◆ Recorded data

=== Section Start ===

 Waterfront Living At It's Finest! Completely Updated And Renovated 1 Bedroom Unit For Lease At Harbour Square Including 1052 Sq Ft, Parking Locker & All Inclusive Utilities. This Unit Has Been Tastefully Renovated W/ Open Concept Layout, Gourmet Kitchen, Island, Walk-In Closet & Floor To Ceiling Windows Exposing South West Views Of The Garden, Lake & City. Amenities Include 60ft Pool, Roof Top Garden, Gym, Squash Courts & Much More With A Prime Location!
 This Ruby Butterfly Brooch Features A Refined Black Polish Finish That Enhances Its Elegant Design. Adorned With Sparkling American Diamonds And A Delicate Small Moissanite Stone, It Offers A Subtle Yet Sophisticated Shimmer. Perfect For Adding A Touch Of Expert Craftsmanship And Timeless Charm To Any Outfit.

=== Section End ===
=== Section Start ===

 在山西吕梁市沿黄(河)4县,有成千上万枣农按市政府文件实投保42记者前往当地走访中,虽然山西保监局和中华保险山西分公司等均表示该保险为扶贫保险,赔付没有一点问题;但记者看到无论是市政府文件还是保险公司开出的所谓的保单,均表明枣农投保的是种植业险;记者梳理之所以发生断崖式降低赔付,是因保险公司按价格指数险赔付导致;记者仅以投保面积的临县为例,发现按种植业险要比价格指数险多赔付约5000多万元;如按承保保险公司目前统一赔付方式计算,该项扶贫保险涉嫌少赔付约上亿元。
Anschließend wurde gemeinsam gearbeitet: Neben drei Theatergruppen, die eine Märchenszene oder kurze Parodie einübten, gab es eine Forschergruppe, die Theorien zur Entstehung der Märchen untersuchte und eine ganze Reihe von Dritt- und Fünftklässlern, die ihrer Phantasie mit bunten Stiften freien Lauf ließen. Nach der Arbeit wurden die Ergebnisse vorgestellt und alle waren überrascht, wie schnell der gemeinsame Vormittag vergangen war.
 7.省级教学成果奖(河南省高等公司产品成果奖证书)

=== Section End ===
=== Section Start ===

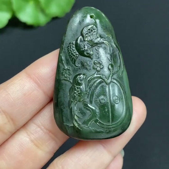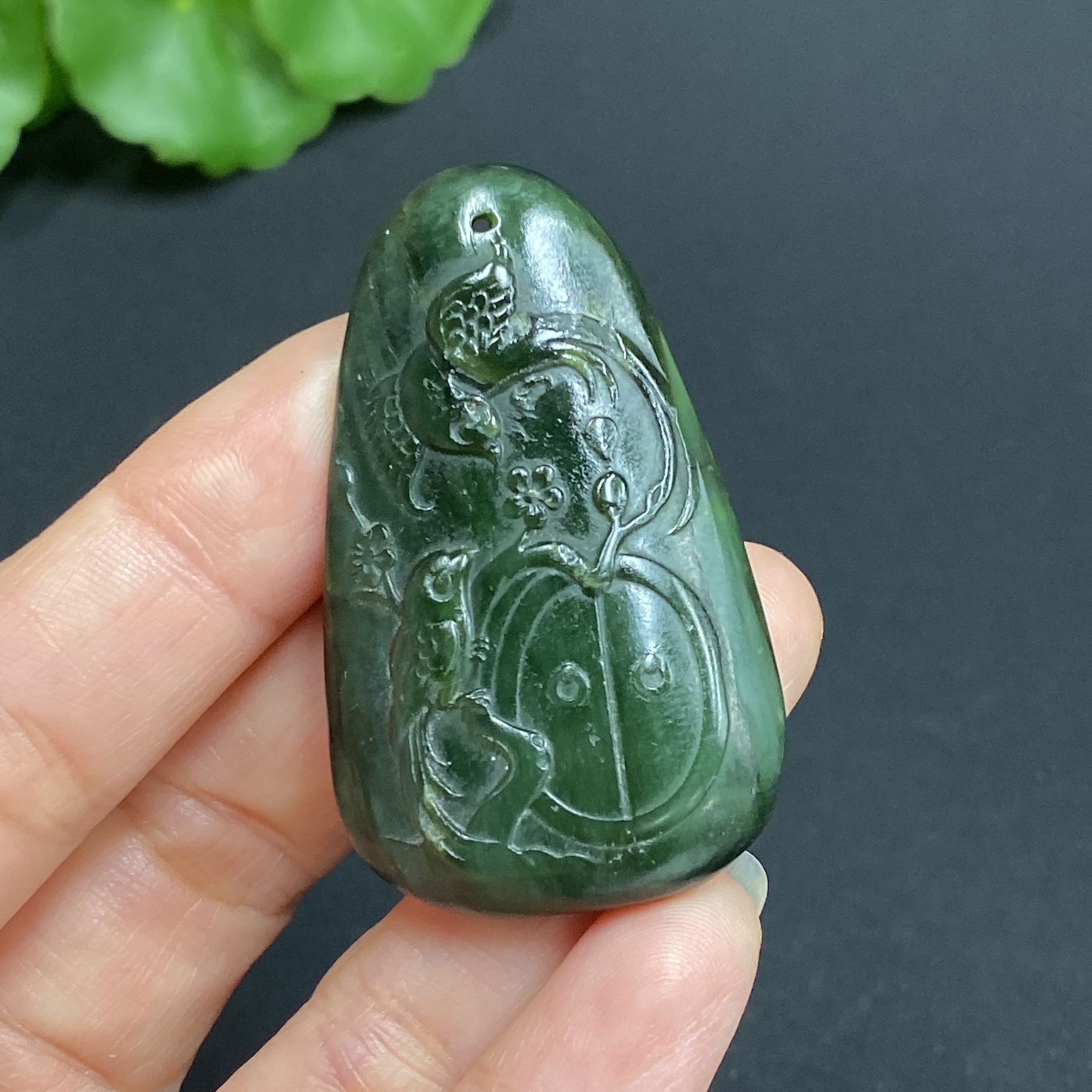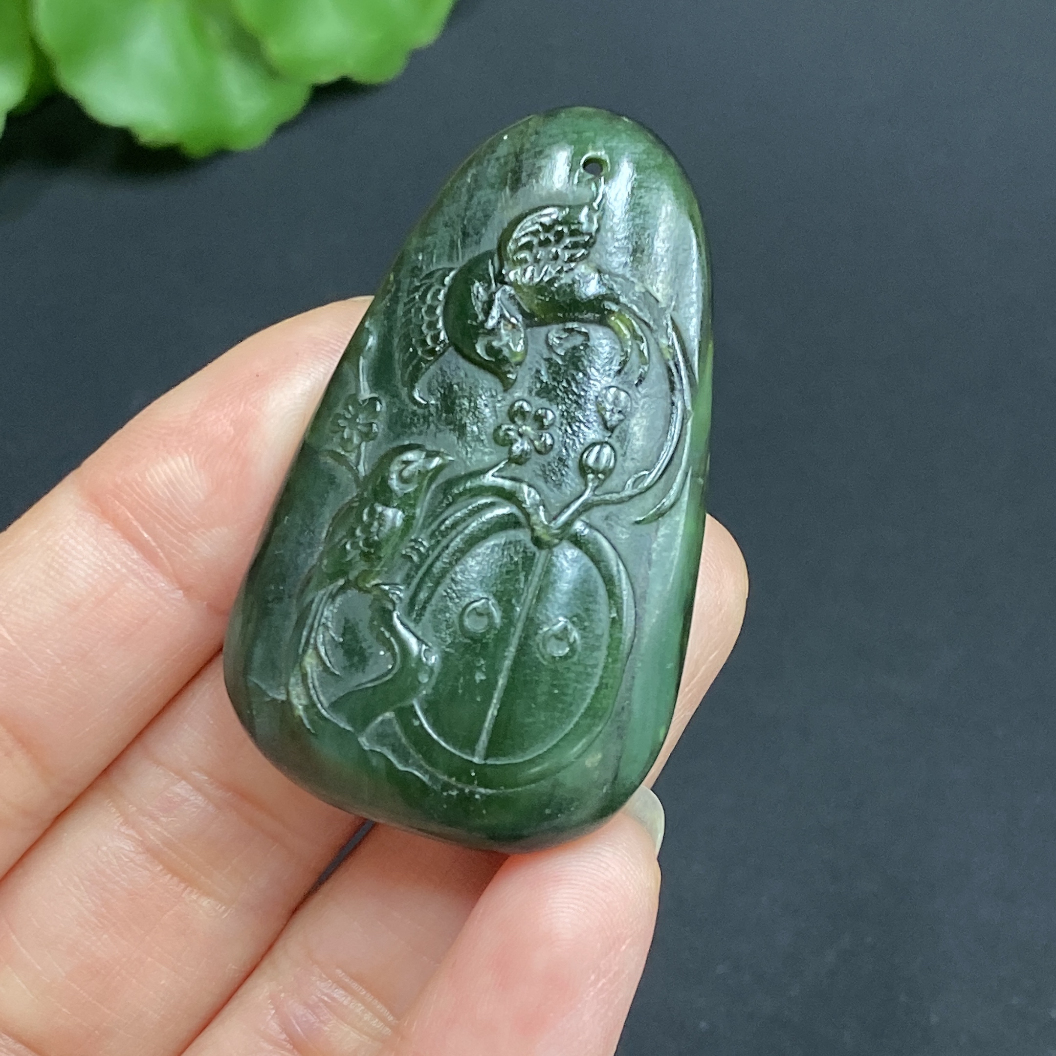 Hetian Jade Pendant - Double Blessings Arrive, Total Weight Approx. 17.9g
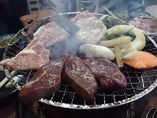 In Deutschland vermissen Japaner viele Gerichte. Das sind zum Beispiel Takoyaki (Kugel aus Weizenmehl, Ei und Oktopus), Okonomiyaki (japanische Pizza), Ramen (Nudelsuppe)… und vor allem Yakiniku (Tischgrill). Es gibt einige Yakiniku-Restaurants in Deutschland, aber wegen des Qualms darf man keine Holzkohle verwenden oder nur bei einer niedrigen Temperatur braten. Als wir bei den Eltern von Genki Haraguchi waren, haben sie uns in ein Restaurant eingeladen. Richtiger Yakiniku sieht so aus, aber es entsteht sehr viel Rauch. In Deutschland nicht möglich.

=== Section End ===

◆ Exercise aim
Every line from the data above that contains "This" must appear in the answer.

◆ Task answer
 Waterfront Living At It's Finest! Completely Updated And Renovated 1 Bedroom Unit For Lease At Harbour Square Including 1052 Sq Ft, Parking Locker & All Inclusive Utilities. This Unit Has Been Tastefully Renovated W/ Open Concept Layout, Gourmet Kitchen, Island, Walk-In Closet & Floor To Ceiling Windows Exposing South West Views Of The Garden, Lake & City. Amenities Include 60ft Pool, Roof Top Garden, Gym, Squash Courts & Much More With A Prime Location!
 This Ruby Butterfly Brooch Features A Refined Black Polish Finish That Enhances Its Elegant Design. Adorned With Sparkling American Diamonds And A Delicate Small Moissanite Stone, It Offers A Subtle Yet Sophisticated Shimmer. Perfect For Adding A Touch Of Expert Craftsmanship And Timeless Charm To Any Outfit.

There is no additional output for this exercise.